Since the industrial revolution, working hours in Germany have steadily decreased. According to the Federal Statistical Office (Destatis), Germans worked an average of 72 hours per week in 1871. In 2022, it was down to just 40 hours per week for full-time employees. Concurrently, productivity has steadily increased over the decades, although the growth has been slower in recent years. This is where one of the proponents' arguments comes into play: the four-day workweek contributes to boosting productivity. It is one of the findings of a study conducted by Intraprenör in the UK. Similar studies in Australia and the US have produced comparable results. Moreover, employees are more satisfied, motivated, and, most importantly, they are absent less frequently. In the UK, the consulting firm notes a 65% reduction in absenteeism.
A push for gender equality
Reduced weekly working hours also simplify childcare. With a shortened workweek, employees can spend more time caring for their children, resulting in cost savings on childcare. In the UK, where childcare costs account for nearly 52% of women's median income, a significant potential for relief exists. Similarly, gender equality could receive a boost in Germany as well. While childcare costs, according to the OECD, are below 5% of the female median income, daycare spots are in short supply. In 2020, 49% of parents with children under the age of three stated in a study that they needed daycare, but only 24% were able to secure enough childcare hours.

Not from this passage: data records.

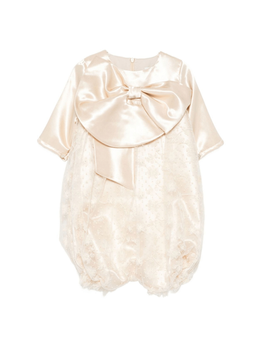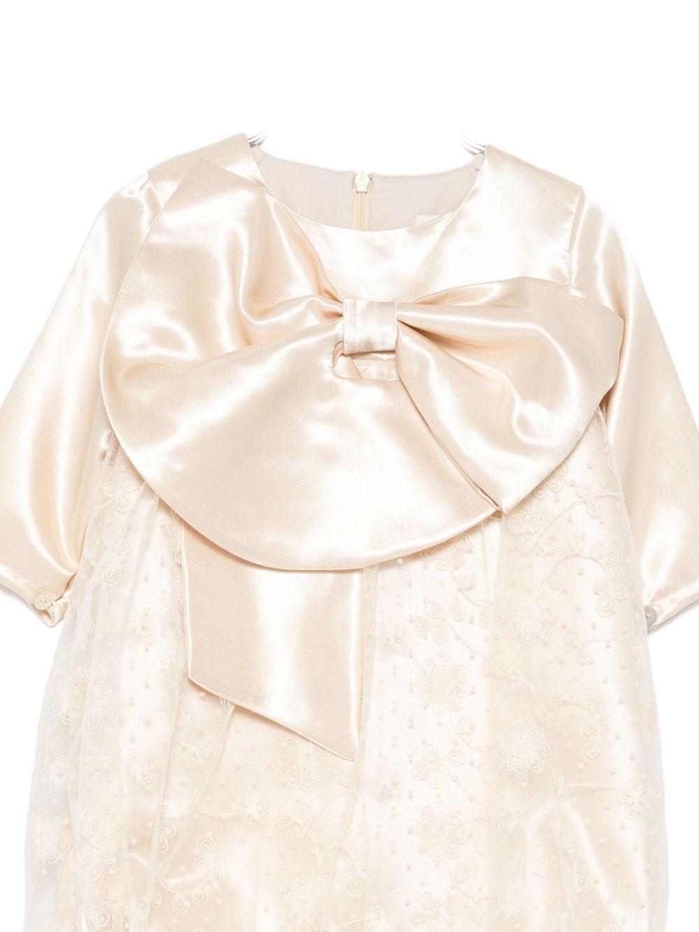 Abito per bambina A'lapage écru con dettaglio fiocco sul davanti
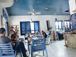 While walking around the Luang Prabang walking street, we stopped for lunch at Indigo Café. The shop is right on the corner. The atmosphere is great. Decorated in a Mediterranean style, clean white and blue, with green trees scattered around, giving a chill and relaxing feeling.
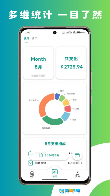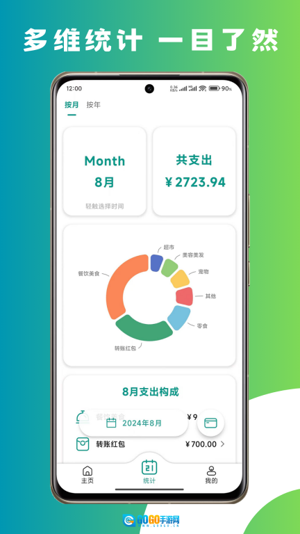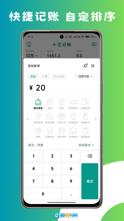 支持自定义分类和排序,收支一目了然;
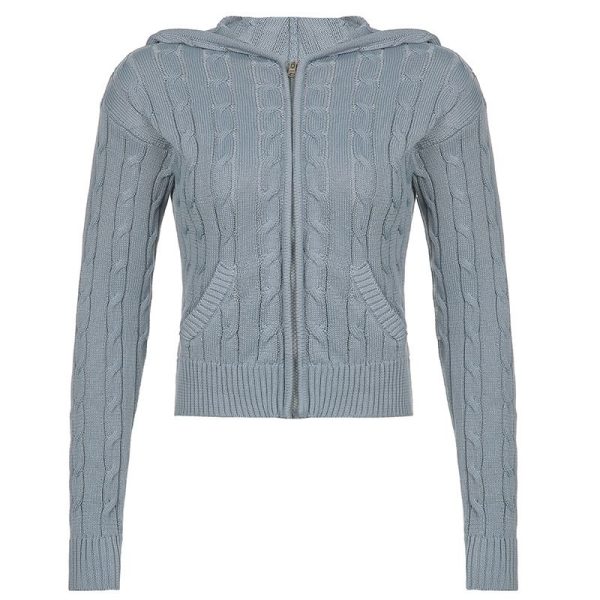 This Over Fit Ribbed Edges Cable Zip Cardigan Hoodies comes in a soft, braids knitting, side pockets, chunky knit with cute hood. The Full Zip Heavyweight Cable Hoodie is popular with wardrobe necessities loves, and get wrapped up & cozy feel with any layers undernead indoor or outdoor.

To alleviate the shortage of skilled workers, labor market policymakers in Germany frequently stress the need to tap into the reserve of part-time workers. Immigration alone will not cover the demand for labor. Reduced weekly working hours with full wage compensation would be a relief for parents in particular. If all women with children under six were able to work as much as they wanted, there would be 840,000 more workers, according to Federal Family Minister Lisa Paus. In addition to higher productivity, this would also be an argument in favor of the four-day week – even from a company's point of view.
IG Metall withdraws demand
While the short-term effects seem promising, many legitimate questions arise regarding the long-term implications. It's possible, for instance, that a habituation effect occurs and productivity declines again after a longer period as existing studies have been limited to a six-month timeframe so far. Furthermore, if the shortened workweek were to apply to all industries, the skilled labor shortage could worsen. The childcare sector, for example, is already experiencing a shortage of thousands of educators. Implementing the four-day workweek in other sectors with high staffing needs, such as healthcare and education, could further prove to be challenging.
Doubts also need to be addressed for the manufacturing sector. While the trade union IG Metall is demanding a 32-hour workweek with full pay for steelworkers, union leader Jörg Hofmann recently stated in an interview that the focus in the 2024 wage negotiations for the 3.9 million employees in the metal and electrical industries should be on higher wages, not shorter working hours.